Still, these concerns aside, the steps that Glaxo may employ to avoid the undue
divulgence of its trade secrets should be within reason. If termination is to be
considered as an option, it should be only as a final resort, if there is no other way
to avoid the conflict of interest.
In this case, Glaxo's assailed policy does not call for automatic termination,
providing as it does a process that allows for all the opportunities for a mutually
agreeable solution. Per the Employee Handbook, "every effort shall be made,
together by management and the employee, to arrive at a solution within six (6)
months, either by transfer to another department in a non-counter checking
position, or by career preparation toward outside employment after Glaxo
Wellcome. Employees must be prepared for possible resignation within six (6)
months, if no other solution is feasible."21
This procedure is extremely reasonable under the circumstances, and we have no
problems in upholding its validity. As noted in the Resolution: "[i]n any event, from
the wordings of the contractual provision and the policy in its employee handbook,
it is clear that Glaxo does not impose an absolute prohibition against relationships
between its employees and those of competitor companies. Its employees are free
to cultivate relationships with and marry persons of their own choosing."22 It
recognizes the concern arising from the possible conflict of interest, yet dissuades
the enforcement of a hasty, unilateral solution. It appears from the record of this
case that such a procedure was adopted in good faith by both parties. Tecson may
find fault with the fact that Glaxo refused his request for transfer to the milk
division, a step which, if resorted to, may have resolved the perceived conflict of
interest. Yet the procedure involved allows the transfer only if mutually agreed
upon, and besides, employees cannot generally compel the employer to transfer
them from one division to another, this being a management prerogative.

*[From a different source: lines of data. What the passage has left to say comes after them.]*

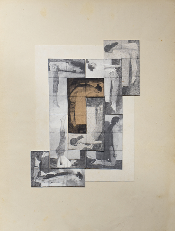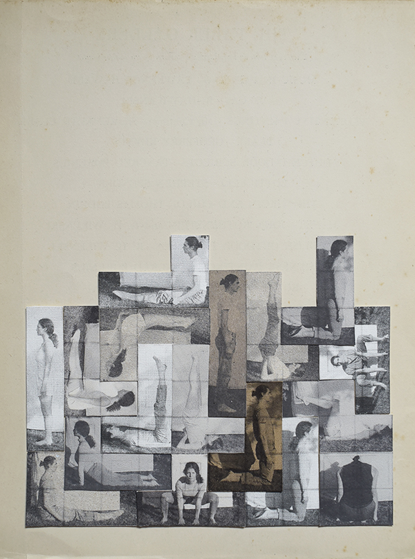 To convert this metaphor into a project, we matched Yoga postures to fit the Tetriminos (the four-square configurations of the game). Hand-drawn shapes were overlayed onto the images, printed, cut out and positioned upon papers from our recycling. The process was an opportunity to depict balance, completion, and harmony of action by adjusting shapes. Frequently we struggled for equilibrium: these compositions revealed the weight-relations when one of us was more affected, emotionally or mentally, in the situation.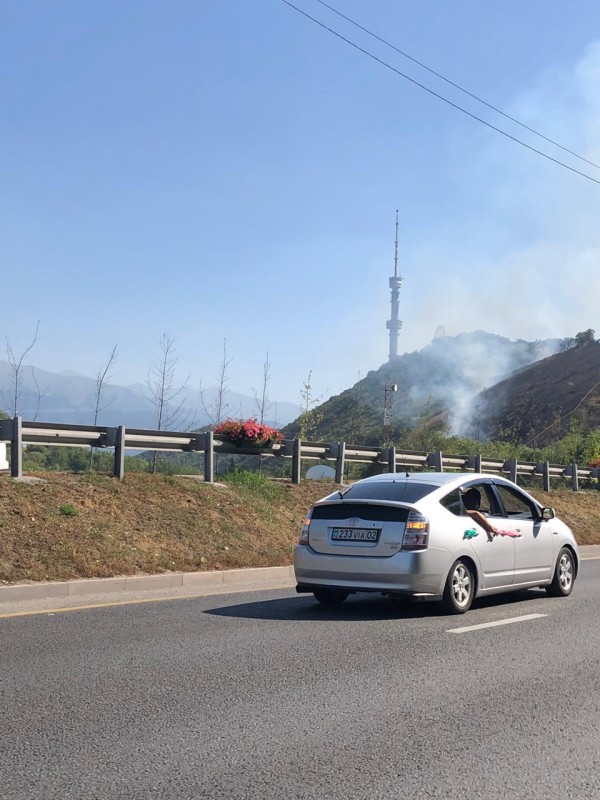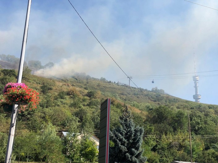 "Приблизительно на расстоянии одного километра от телебашни Көк-төбе происходит горение сухостоя на склоне горы на предварительной площади 1 гектар. Угрозы населенным пунктам нет, так как произведена опашка по периметру", - отметили в ведомстве.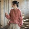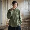 Johnature Koszule damskie vintage Topy Stojak Długi rękaw Guzik Wiosna Tie-dye Chiński styl Bluzki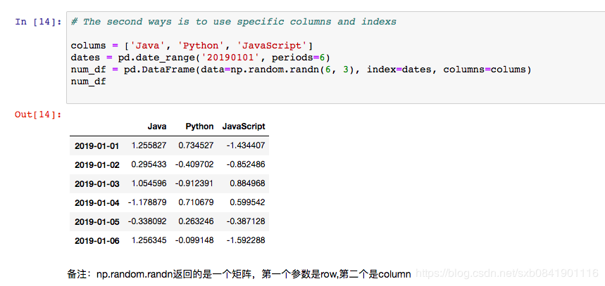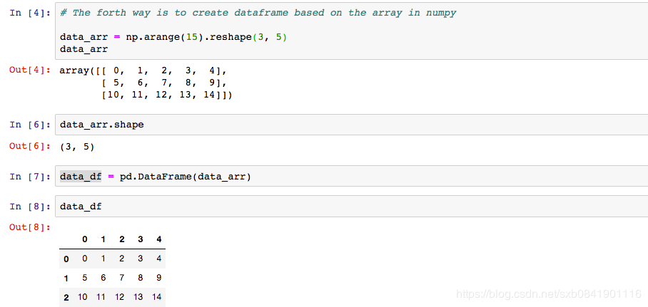 第五种: 用numpy中的array,但是行和列名都是从numpy数据中来的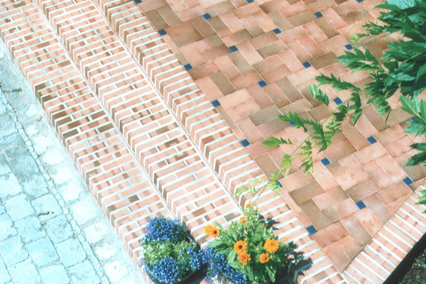 1-Achtel-Steine, kobaltblau, kombiniert mit einem Pflasterklinker "Buchenlaub"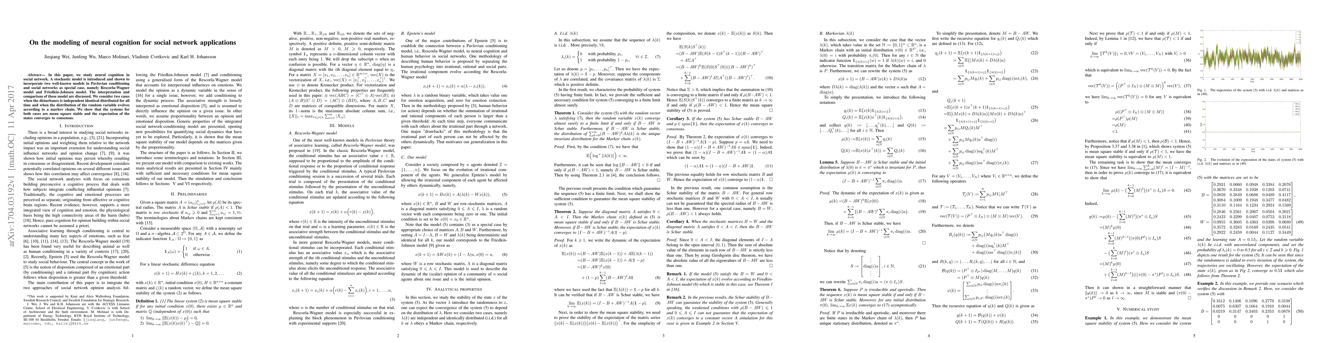 In this paper, we study neural cognition in social network. A stochastic model is introduced and shown to incorporate two well-known models in Pavlovian conditioning and social networks as special case, namely Rescorla-Wagner model and Friedkin-Johnsen model. The interpretation and comparison of these model are discussed. We consider two cases when the disturbance is independent identical distributed for all time and when the distribution of the random variable evolves according to a markov chain. We show that the systems for both cases are mean square stable and the expectation of the states converges to consensus.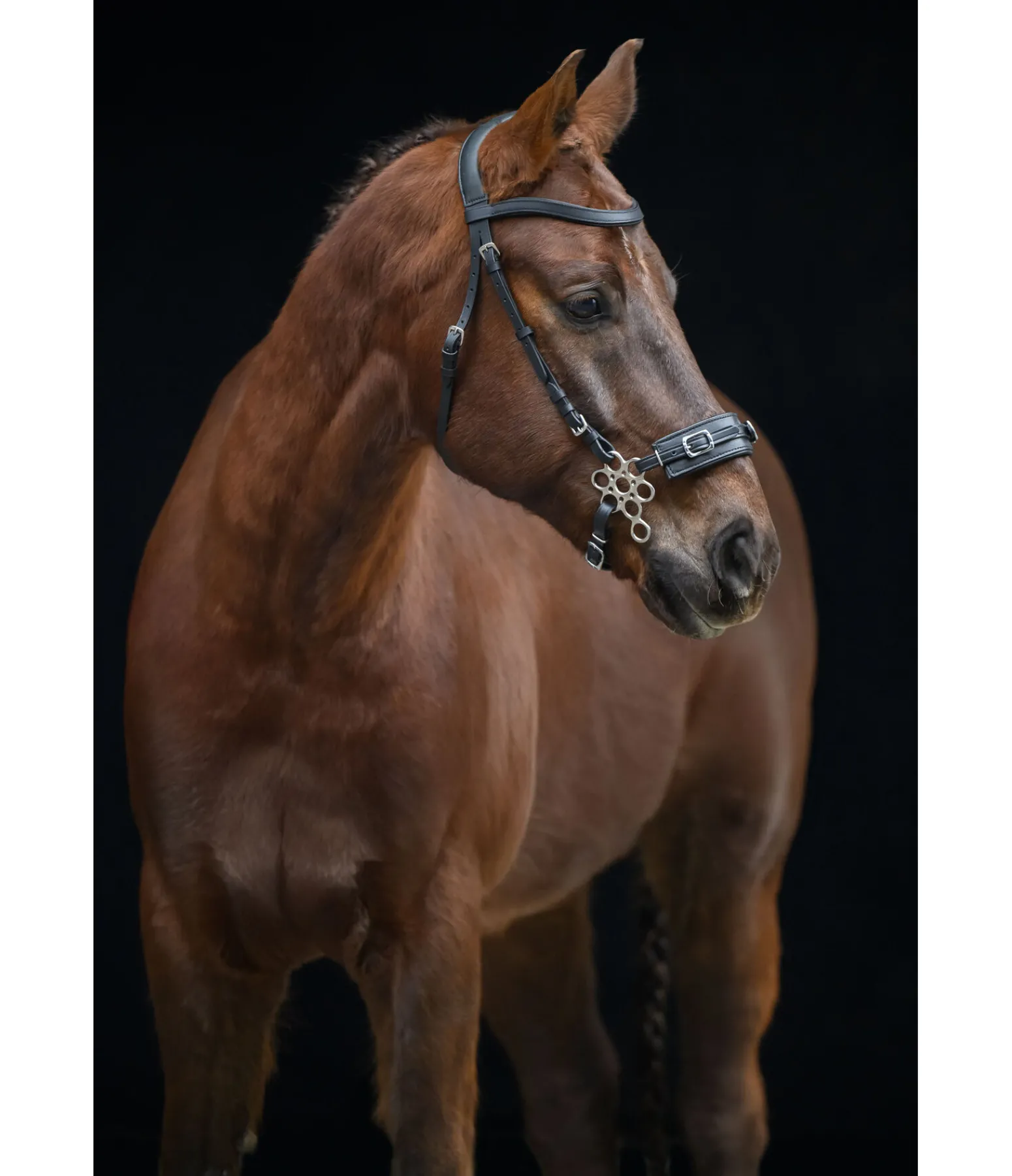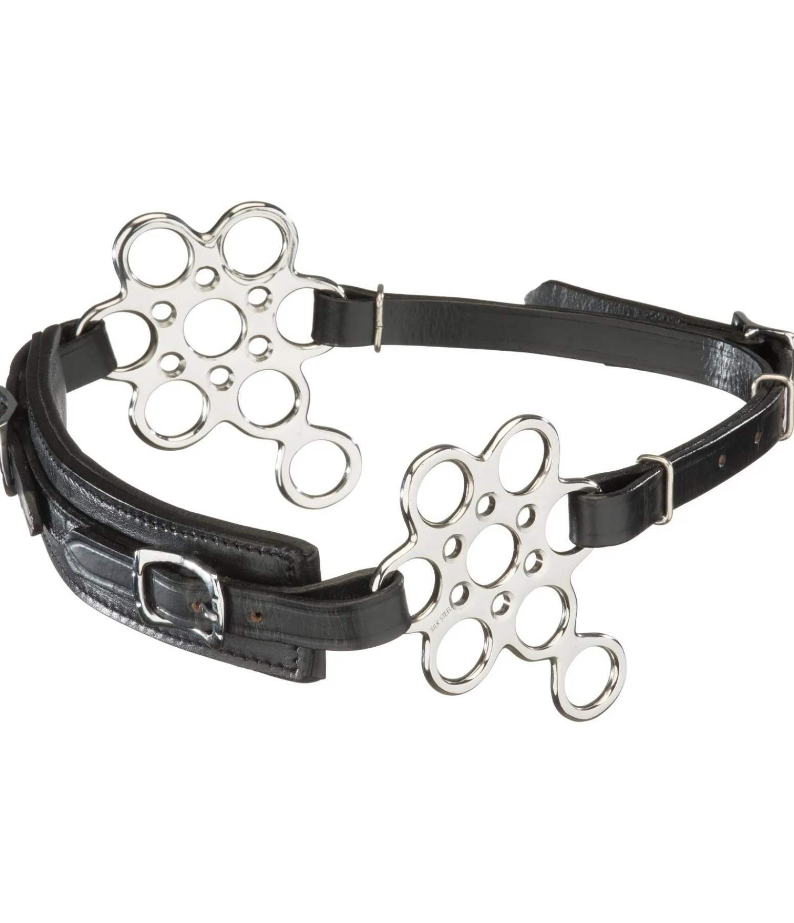 Hackamore flower pouvant être utilisé dans plusieurs positions grâce aux différents anneaux, ce qui permet d’ajuster avec précision l’effet souhaité et la force de l’effet levier. Muserolle en cuir de grande qualité. Branches en acier inoxydable. Longueur totale maximale des branches 11,5 cm.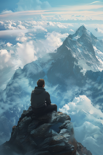Man sitting alone on a mountain peak: His face is partially shadowed, showing deep reflection, surrounded by vast landscapes of mountains and clouds, a mix of solitude and hope in the atmosphere, realistic, --v 6.0 --ar 2:3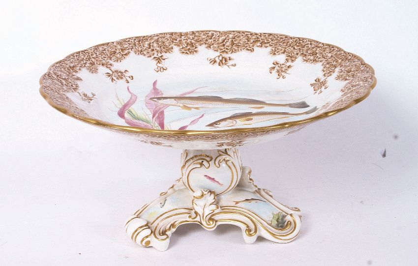 A good 1904 Worcester Vitreous 68547 hand painted fruit bowl. The top, sides and undersides being hand painted with fish / underwater scenes. Retailer and Worcester marks to base for F. Crook. 25cm diameter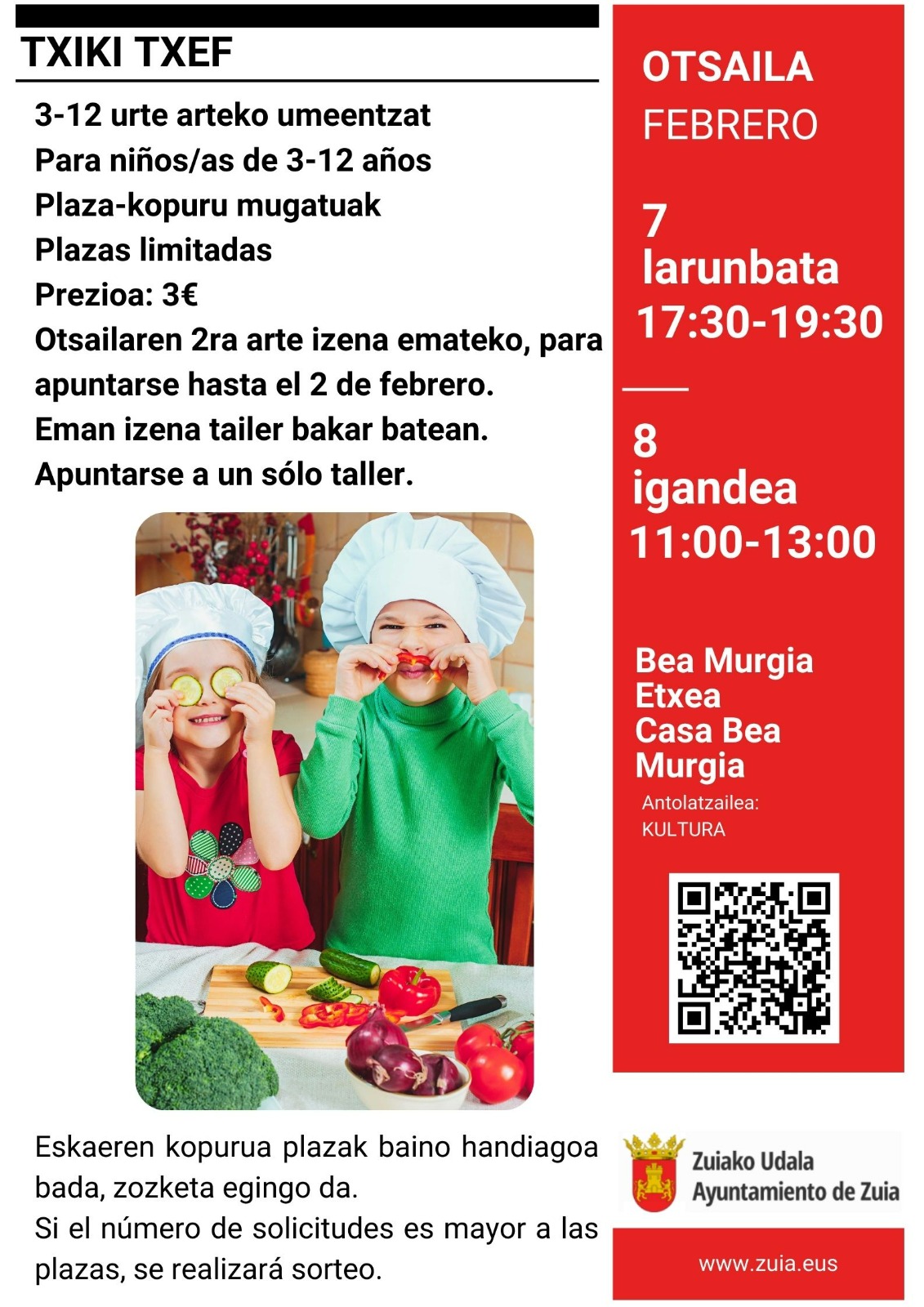 Zuiako Udalak antolatutako eta 3 eta 12 urte bitarteko umeei zuzendutako "Txiki Txef" tailerrak bi saio izango ditu otsailean.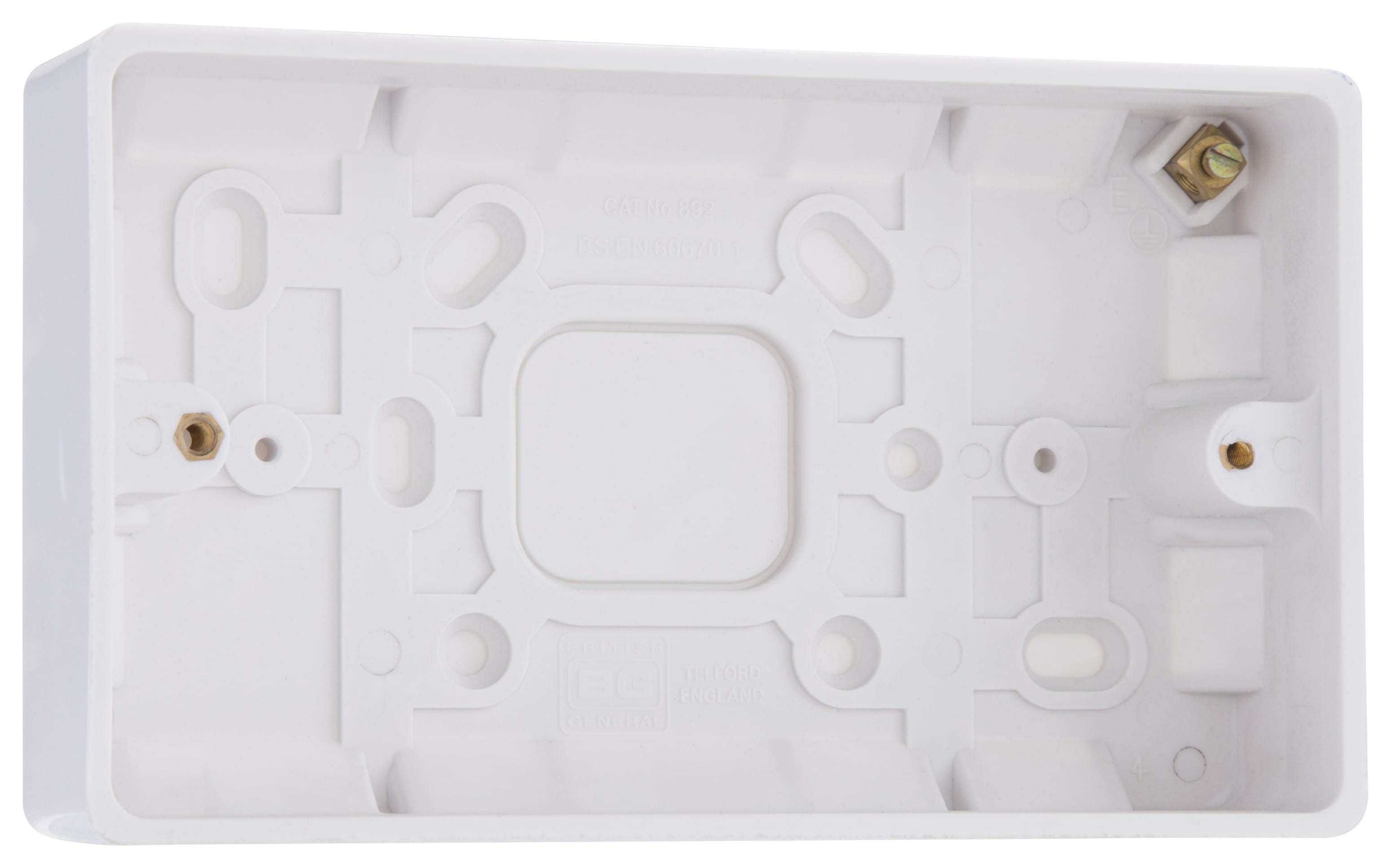 This BG White Surface Pattress Box is suitable for a 2 gang outlet. Made from PVC and with a depth of 32mm, it provides ample space to accommodate multiple electrical connections, switches, or sockets. Designed for hassle-free installation, it comes with pre-drilled mounting holes for quick and convenient setup.
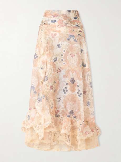 ZIMMERMANN تنورة Rebellion طويلة من مزيجٍ من الكتّان والحرير بطبعة الزهور ومزينة بالدانتيل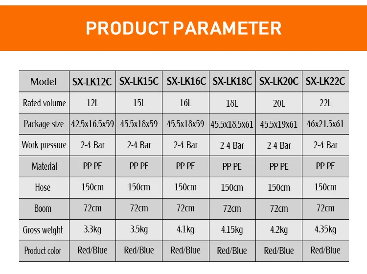 SX-LK12C | 12L | 425*165*590mm | 670pcs | 1400pcs | 1640pcs |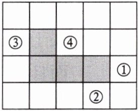 10. 在方格纸中,选择标有序号①②③④中的一个小正方形涂黑,与图中阴影部分构成中心对称图形,涂黑的小正方形的序号是( ).
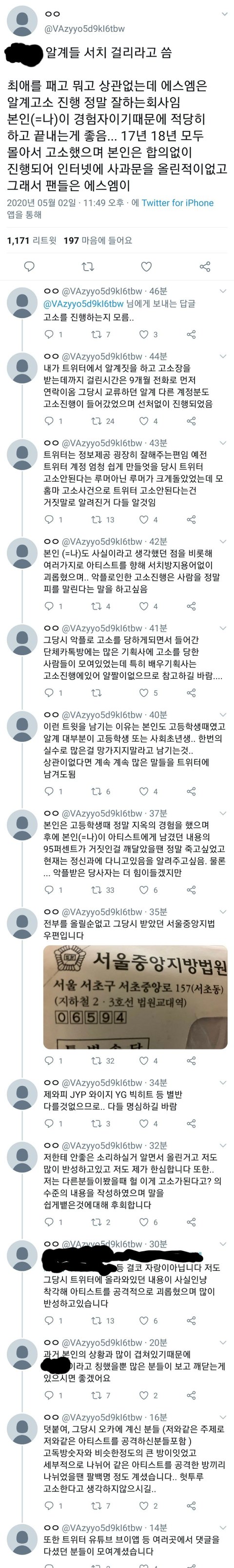알계들 말고 악개들 먼저 잡아갔으면 좋겠다ㅠㅠㅠ 우리판은 알계보다 악개들이 더 집요하고 악랄하게 멤버 한 명 까서ㅠ 올해 3월부터 트위터 아이디나 인장 바꿔도 동일계정인거 증명할 파일이랑 악개들 트윗 피뎊딴거 모으고있는데 몇 달 모으면 고소 잘되겠지?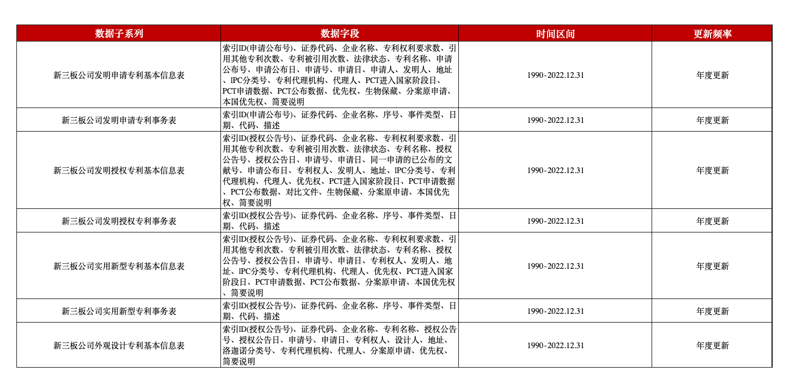 该网站专利系列数据已经覆盖到了上市公司、工业企业、高新技术企业、高校,本次新增新三板专利数据,分为发明申请专利、发明授权专利、实用新型专利、外观设计四部分,分设基本信息表和事务表(其中,外观设计无事务表) 。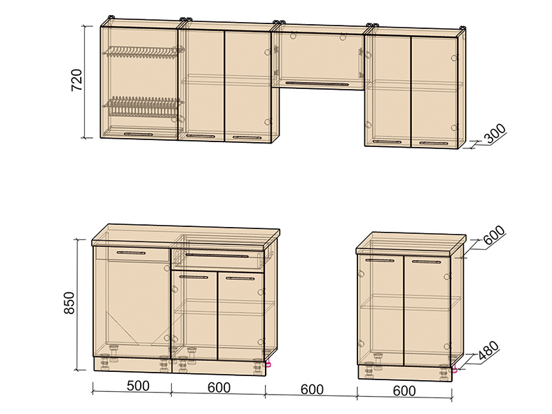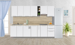 Внимание! Кухонная мойка в комплектацию не входит и покупается отдельно! Дополнительно кухонный гарнитур можно доукомплектовать шкафом-пеналом шириной 60 см или иными модулями из коллекции «Мила Пластик».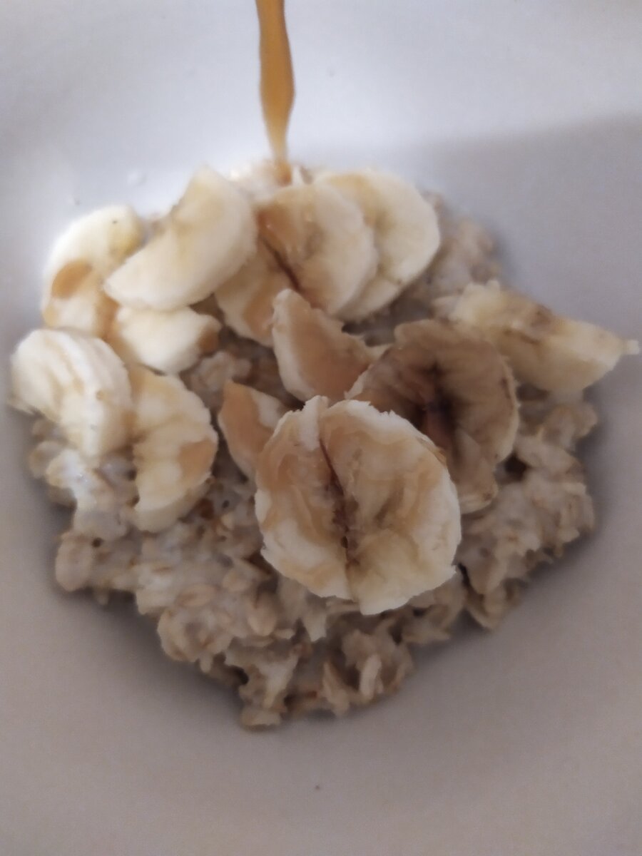 Завтрак. Захотелось овсянки. А с чем вкусно есть овсянку? Правильно! С бананом! По-моему это лучшее сочетание, еще для разнообразия добавила мед. Что с ним, что без него-особой разницы не вижу.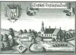 Nach dem Stich von Michael Wening von 1721 war Schachendorf ein leicht abgewinkelter zweigeschossiger Bau. Im Osten ist ein Turm mit einer barocken Zwiebelhaube. Vermutlich steht die heutige Dorfkapelle (von 1888) an derselben Stelle. Zu der Anlage gehören einige Wirtschaftsbauten, die von einem einfachen Palisadenzaun umschlossen sind. Der Zugang wird von einem Torturm bewacht.

And finally, if no mutual resolution is arrived at, termination and voluntary
resignation remain as viable options. Neither obtained in this case, and we have
already ruled that the transfer was valid and did not constitute constructive
dismissal. If Glaxo, or any employer with a similarly drawn-out procedure, were to
ultimately resort to termination, the burden would still fall upon it to establish that
such termination is in accordance with the just causes as provided in Article 282 of
the Labor Code. Without such linkage, the termination would be invalid.
The fact that there was no actual termination in this case obviates the need for us
to further apply Article 282 or the jurisprudential rules on illegal termination to this
case.
Still, should Glaxo retain the said policy, and another employee trek the same trail
as Tecson did, it cannot be foreordained that the Court would similarly rule for Glaxo
and against the said employee. As repeatedly emphasized, it all depends on the
particular circumstances of each case. And ultimately, if dismissal, constructive or
otherwise, is resorted to, the standards for termination set by the Labor Code must
still be complied with.
WHEREFORE, petitioner's Motion for Reconsideration is DENIED WITH FINALITY.